C’est le cas de la Maison des Associations et ONG de Guinée (MAOG) dirigée par Lansana Diawara qui dénonce l’orientation des institutions républicaines contre les sources de cette révélation de détournement. «Il faut préciser que ce n’est pas le gouvernement qui est incriminé dans cette affaire, mais un membre du gouvernement. Il appartient donc à ce membre de se défendre en toute impartialité. Elle connait la voie en la matière en saisissant la justice si elle pense qu’elle a été brimée ou diffamée dans ses droits. Maintenant qu’un gouvernement qui se veut responsable, qui se réclame s’inscrire dans le nouveau pacte républicain annoncé par le Président de la République, celui de gouverner autrement, il n’a pas à faire des injonctions aux institutions républicaines et pire orienter à prendre des sanctions contre la source de l’information », indique le coordinateur national de la Maison des Association et ONG de Guinée avant de dénoncer : «Cela est inadmissible et inacceptable, cela vient dangereusement compromettre les principes de séparation du pouvoir dans un pays démocratique.
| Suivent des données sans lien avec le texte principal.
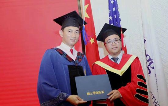 人民网北京7月4日电 (艾雯) 7月1日,北京大学光华管理学院EMBA硕士毕业典礼举行,现场出现了一张特殊的面孔,今年47岁的吴奇隆顺利毕业获得硕士学位。身穿学士服的他和同学一起毕业合照,骑共享单车尽享美好的校园时光。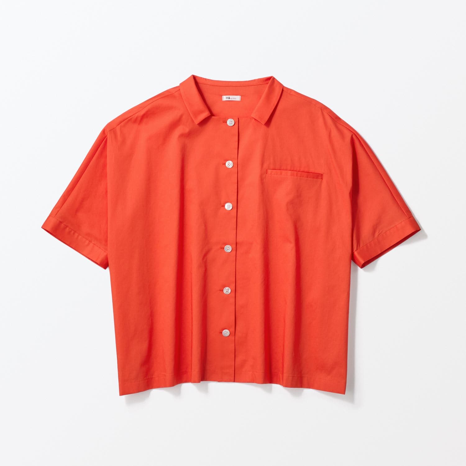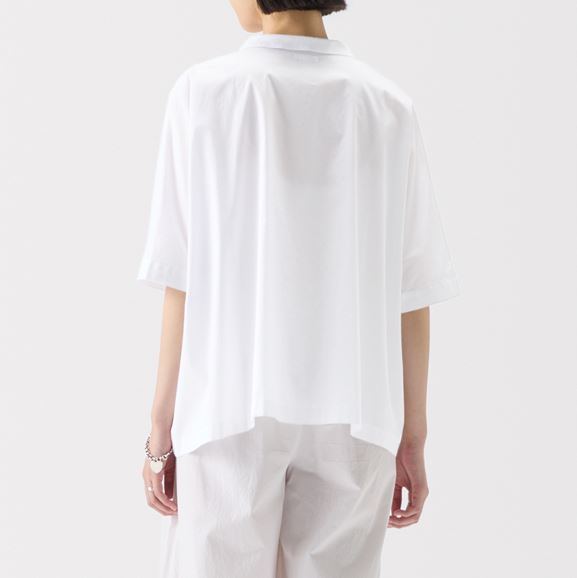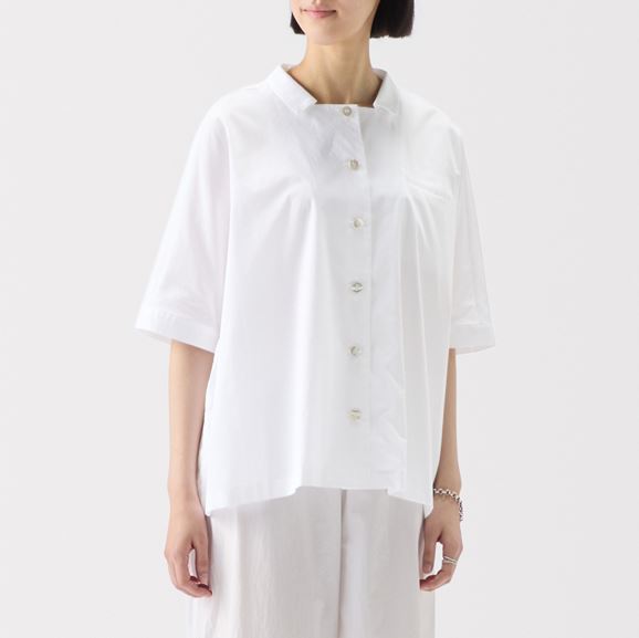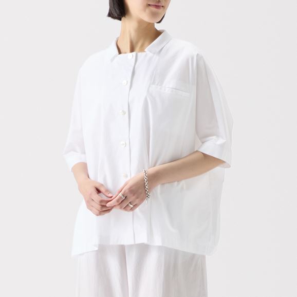 身幅をゆったりとったオーバーサイズのシャツです。こぶりな襟とスクエアにカットしたようなネックラインが印象的。ボタンをあけて羽織りものとしても活躍します。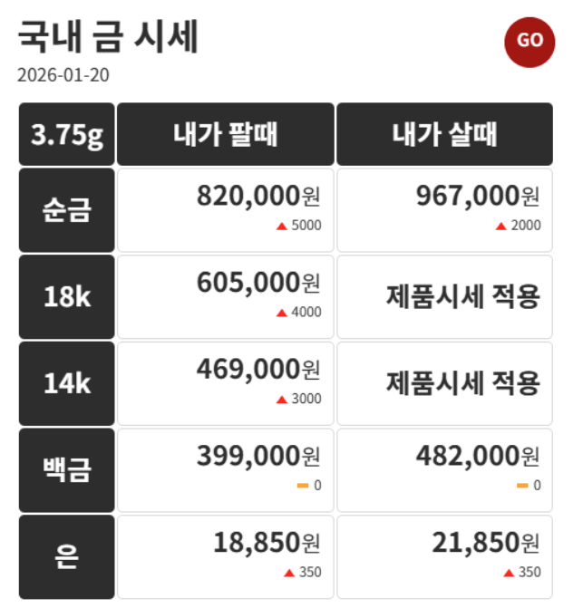 먼저 현재 금 시세를 살펴보면, 금 가격은 매일 변동하며 시장 상황에 따라 지속적으로 조정됩니다. 2026년 1월 20일 기준으로 순금의 판매가는 약 820,000원, 구매가는 약 967,000원 수준으로 형성되어 있습니다. 또한 18K 금은 약 605,000원, 14K 금은 약 469,000원 정도의 가격으로 거래되고 있습니다. 금뿐만 아니라 다른 귀금속의 시세도 함께 움직이는데, 예를 들어 백금의 경우 판매가는 약 399,000원, 구매가는 약 482,000원 정도이며, 은은 판매가 약 18,850원, 구매가 약 21,850원 수준입니다. 이러한 가격은 고정된 것이 아니라 국제 시장의 흐름과 국내 수요 상황에 따라 수시로 변하기 때문에 금을 거래하려는 사람이라면 반드시 당일 시세를 확인하는 것이 중요합니다.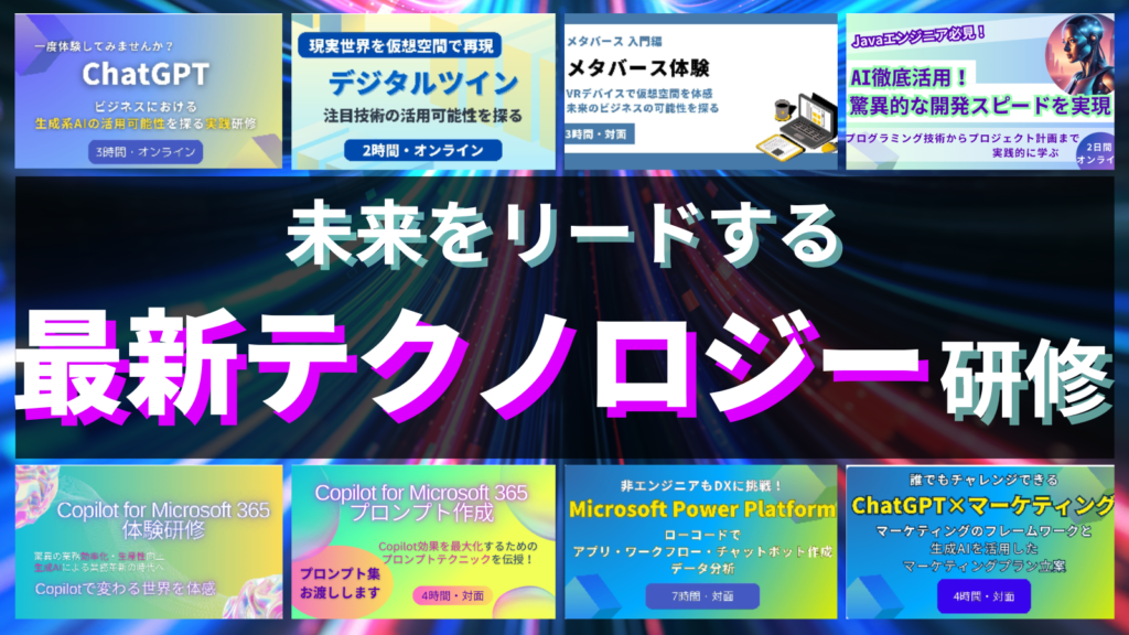 また、弊社は最新テクノロジーを学ぶための研修プログラムを迅速に開発する企画力にも定評があります。近年では、最新テクノロジーと既存のIT技術、マネジメントやセールススキルを組み合わせた研修が非常に人気です。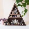 A beautifully handmade shelf which has cut out flower of life design and has been designed to store and display your crystals or keepsakes. Made from solid Pine and stained in a dark oak colour.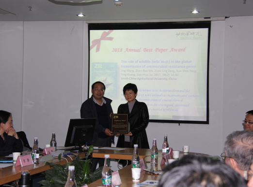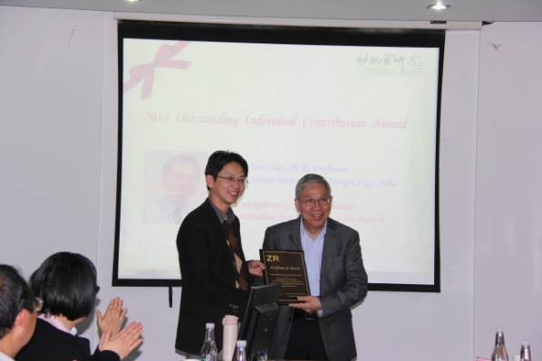 2018年度,ZR共评选“突出个人贡献奖”1项、“最佳论文奖”/1项、“优秀论文奖”2项、 “优秀个人贡献奖”若干。姚永刚主编和郑永唐副主编等向获奖者表示祝贺并颁发了证书。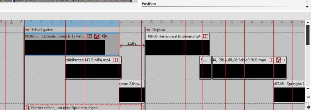 Der Screenshot zeigt in etwa den mittleren Abschnitt der Timeline. Als ich mir jetzt ca. 10 min später das Ende der Show ansehen wollte, waren dort die Videoabschnitte noch immer schwarz.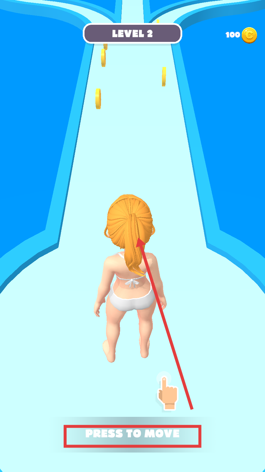 1、进入LEVEL-2,根据【PRESS-TO-MOVE】提示,按压屏幕控制角色在道路上移动,开始关卡挑战。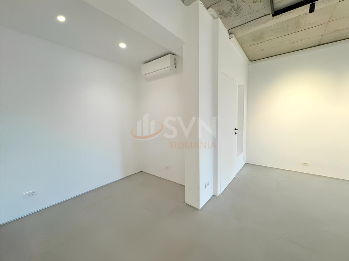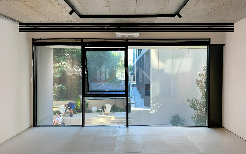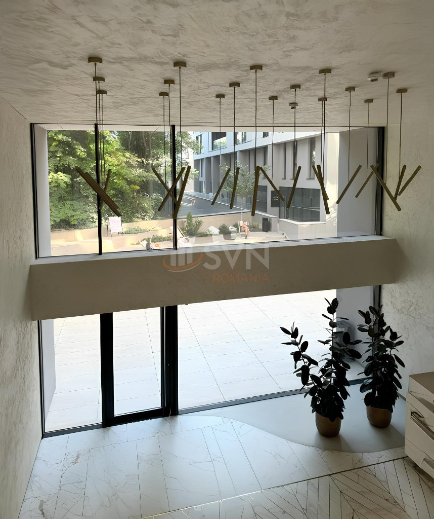 The property benefits from a prime position overlooking the piazza of the Win Herăstrău complex, visible through its generous glazed surface.
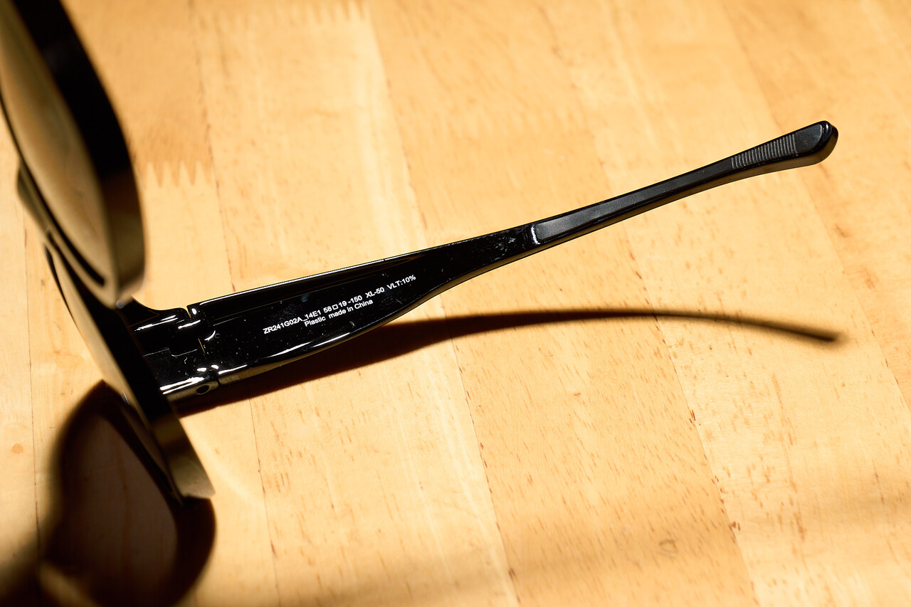 内側はこんなかんじ。ヒンジ・テンプル部分は凹形状になっている。耳に当たるところはゴムが埋め込んである。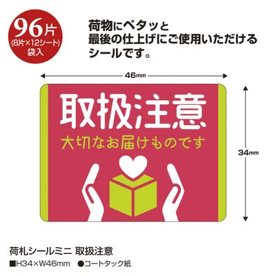 商品の特徴:運送業者の方へ取り扱いの注意喚起に役立つ荷札シールです。小さい箱や封筒にピッタリなミニサイズです。荷物に貼るだけで、送り主の「想い」を伝えることができます。1冊96片入です。

Alors fort de tous ces constats, nous avons estimé qu’on ne peut pas rester les bras croisés. Nous avons lancé des recommandations à toute la société civile dans sa globalité et sa diversité, nous allons nous constituer en partie civile dans ce dossier. Pour nous, c’est des soupçons de détournement, mais dès lors qu’il y a des soupçons, il est important que nous passions cela au scanner ».

Dans une recommandation adressée au Présidente de la République, la MAOG exhorte l’exécutif de bien laisser la société civile lancée un audit social dans ce dossier.